Data supplied:
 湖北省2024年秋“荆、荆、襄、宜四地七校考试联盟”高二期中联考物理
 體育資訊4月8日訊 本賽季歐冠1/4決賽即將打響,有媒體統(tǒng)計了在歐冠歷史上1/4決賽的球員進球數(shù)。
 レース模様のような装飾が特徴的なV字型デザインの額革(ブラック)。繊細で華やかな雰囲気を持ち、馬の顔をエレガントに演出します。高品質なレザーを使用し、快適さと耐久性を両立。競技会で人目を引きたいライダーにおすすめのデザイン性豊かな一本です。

--

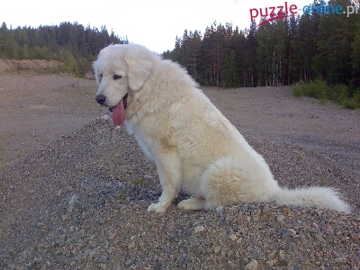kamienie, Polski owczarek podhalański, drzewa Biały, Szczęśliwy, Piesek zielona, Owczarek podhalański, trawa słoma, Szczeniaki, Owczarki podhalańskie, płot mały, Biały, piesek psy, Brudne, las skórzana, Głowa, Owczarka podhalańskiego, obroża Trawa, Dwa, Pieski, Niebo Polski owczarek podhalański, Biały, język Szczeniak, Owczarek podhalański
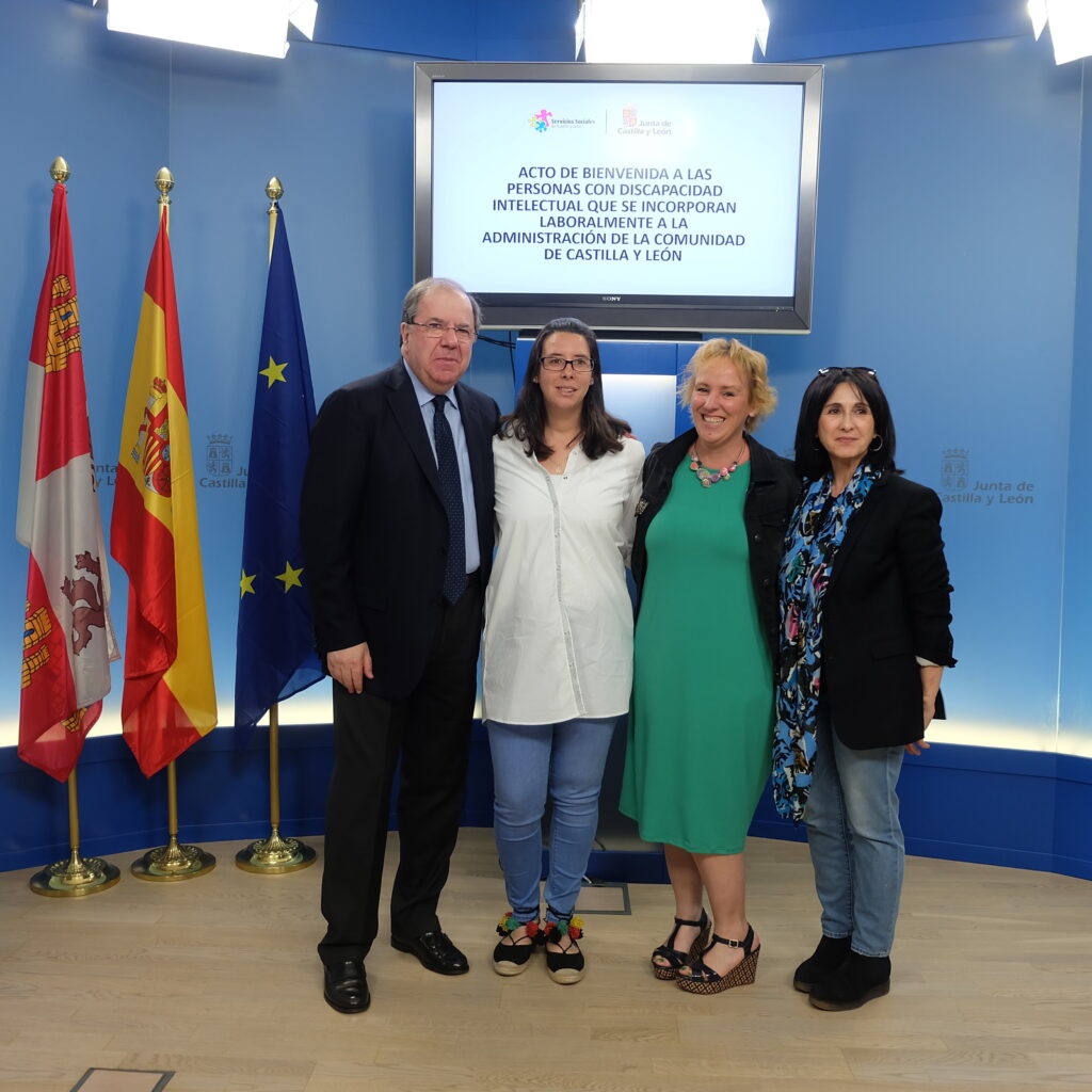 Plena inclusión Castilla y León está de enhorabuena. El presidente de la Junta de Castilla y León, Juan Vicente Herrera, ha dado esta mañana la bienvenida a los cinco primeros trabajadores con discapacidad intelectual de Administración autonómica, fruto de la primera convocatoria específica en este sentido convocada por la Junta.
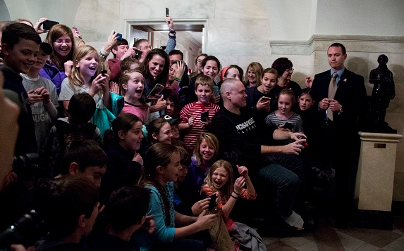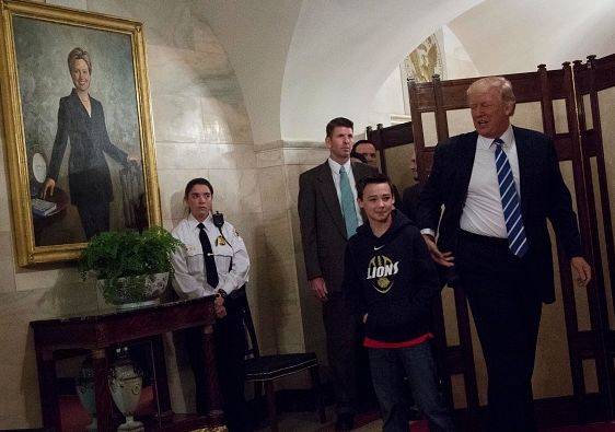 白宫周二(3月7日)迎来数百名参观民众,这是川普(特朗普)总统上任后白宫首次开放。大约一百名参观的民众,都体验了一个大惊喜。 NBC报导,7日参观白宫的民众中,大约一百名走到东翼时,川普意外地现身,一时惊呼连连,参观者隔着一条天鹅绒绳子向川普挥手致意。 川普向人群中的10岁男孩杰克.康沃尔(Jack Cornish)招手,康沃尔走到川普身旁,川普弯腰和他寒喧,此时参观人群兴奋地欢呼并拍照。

Required work: Could you repeat exactly the lines in the listing above from the one with "體育資訊4月8日訊 本賽季歐" down to the one with "レース模様のような装飾が特徴"? Include both of those lines.

Final answer:
 體育資訊4月8日訊 本賽季歐冠1/4決賽即將打響,有媒體統(tǒng)計了在歐冠歷史上1/4決賽的球員進球數(shù)。
 レース模様のような装飾が特徴的なV字型デザインの額革(ブラック)。繊細で華やかな雰囲気を持ち、馬の顔をエレガントに演出します。高品質なレザーを使用し、快適さと耐久性を両立。競技会で人目を引きたいライダーにおすすめのデザイン性豊かな一本です。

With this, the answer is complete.